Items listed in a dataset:
────────────────────

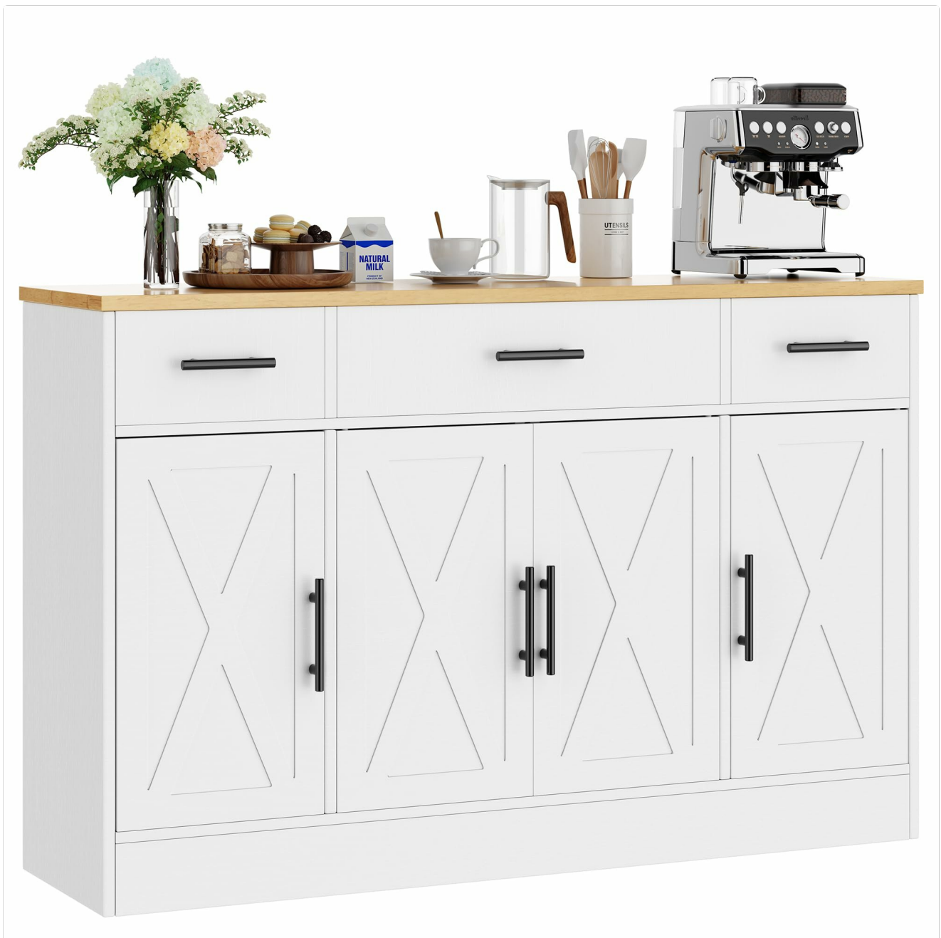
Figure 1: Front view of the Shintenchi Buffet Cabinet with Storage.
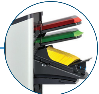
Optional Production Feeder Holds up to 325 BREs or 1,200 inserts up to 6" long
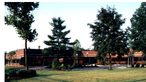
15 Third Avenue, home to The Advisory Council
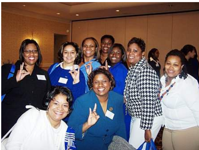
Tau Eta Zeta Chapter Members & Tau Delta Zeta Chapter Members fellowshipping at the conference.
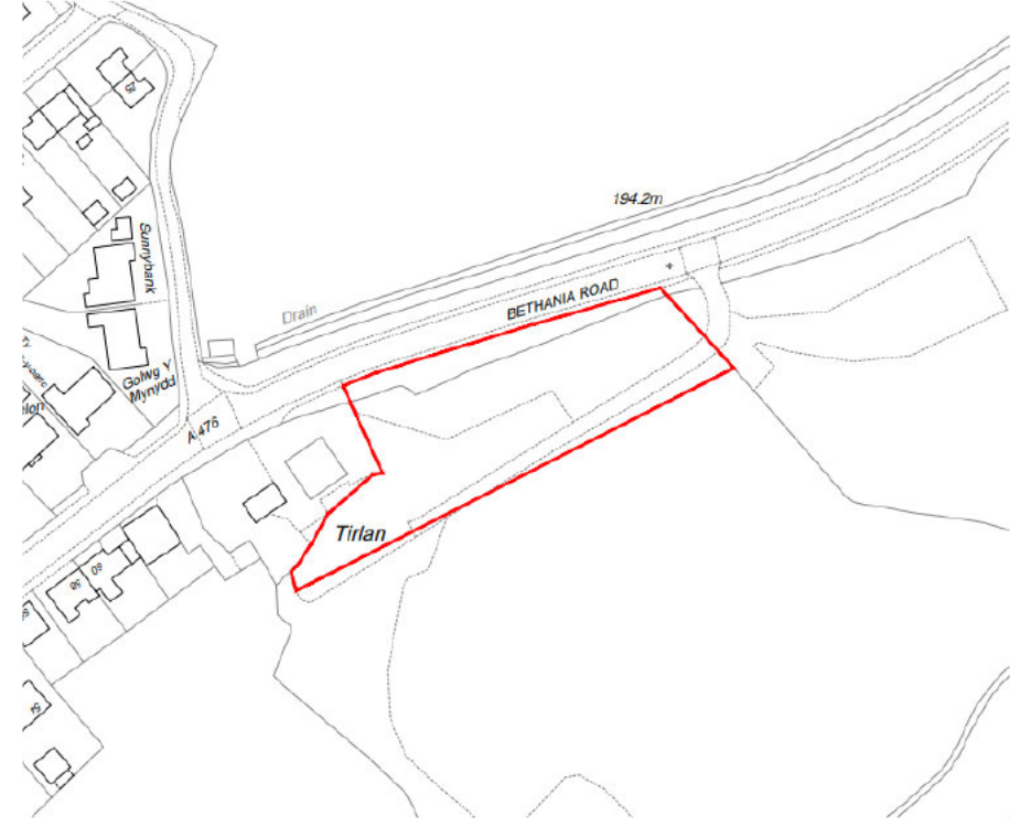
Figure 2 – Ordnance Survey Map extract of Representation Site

────────────────────

Assignment
Although the records above contain pictures, the copy should hold only the lines from their start through the line containing "Tau Eta Zeta", each exactly as written, and none of the pictures.

Answer to this problem
Figure 1: Front view of the Shintenchi Buffet Cabinet with Storage.
Optional Production Feeder Holds up to 325 BREs or 1,200 inserts up to 6" long
15 Third Avenue, home to The Advisory Council
Tau Eta Zeta Chapter Members & Tau Delta Zeta Chapter Members fellowshipping at the conference.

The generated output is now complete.